* Provided data *
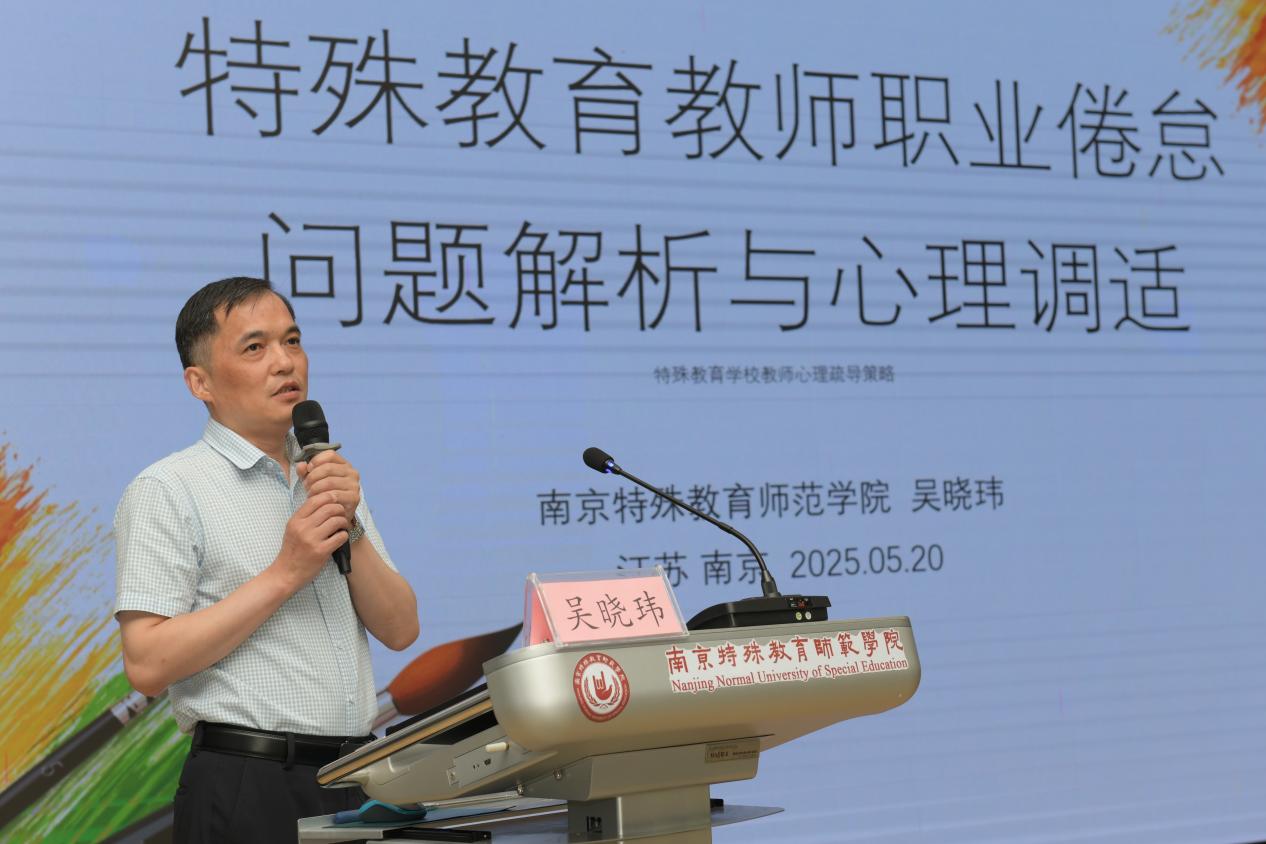 吴晓玮教授以“特殊教育学校教师心理疏导策略”为题,强调要关注特殊教育学校教师的心理健康,并且提供了有效的心理疏导策略,帮助一线教师应对工作压力,保持良好的心理状态。
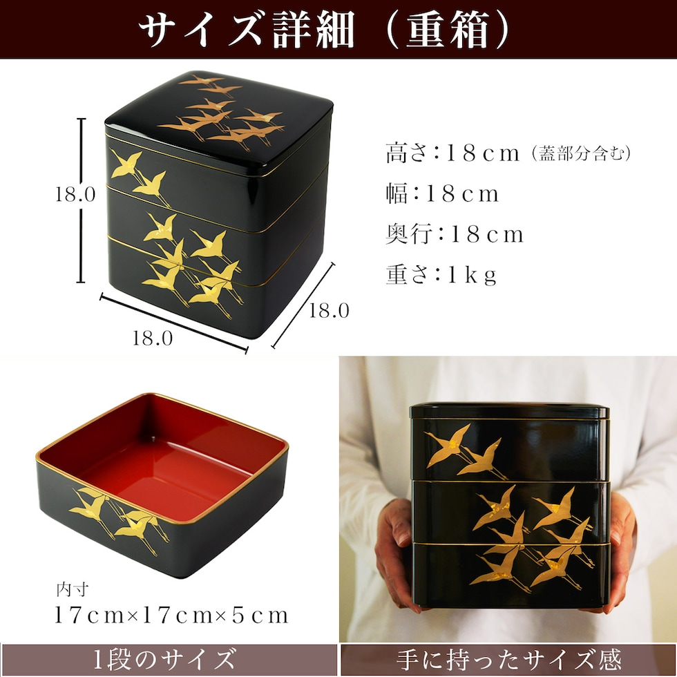 寸法:[重箱] 縦:18cm × 横:18cm × 高さ:18cm [雑煮椀] 直径:13.4cm × 高さ:12cm
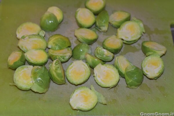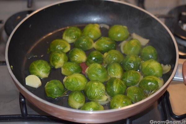 Aggiungete i cavoletti mettendo la parte piatta a contatto con la padella.
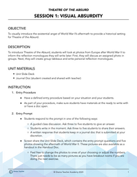 To introduce Theatre of the Absurd, students will look at photos from Europe after World War II to inform the reflection monologues they will write later. First, they will discuss an assigned photo in groups. Next, they will create group tableaux and write personal reflection monologues.
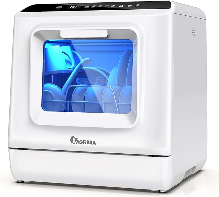 IAGREEA Portable Countertop Dishwasher, No Hookup Needed, Compact Dishwasher With 5-Liter Built-in Water Tank,5 Programs, 360° Dual Spray

* Work item *
Return, exactly and without extra lines, everything from the line with "寸法:[重箱] 縦:18cm ×" through the last line of the material above, both included. Pictures must be dropped.

* Written solution *
 寸法:[重箱] 縦:18cm × 横:18cm × 高さ:18cm [雑煮椀] 直径:13.4cm × 高さ:12cm
 Aggiungete i cavoletti mettendo la parte piatta a contatto con la padella.
 To introduce Theatre of the Absurd, students will look at photos from Europe after World War II to inform the reflection monologues they will write later. First, they will discuss an assigned photo in groups. Next, they will create group tableaux and write personal reflection monologues.
 IAGREEA Portable Countertop Dishwasher, No Hookup Needed, Compact Dishwasher With 5-Liter Built-in Water Tank,5 Programs, 360° Dual Spray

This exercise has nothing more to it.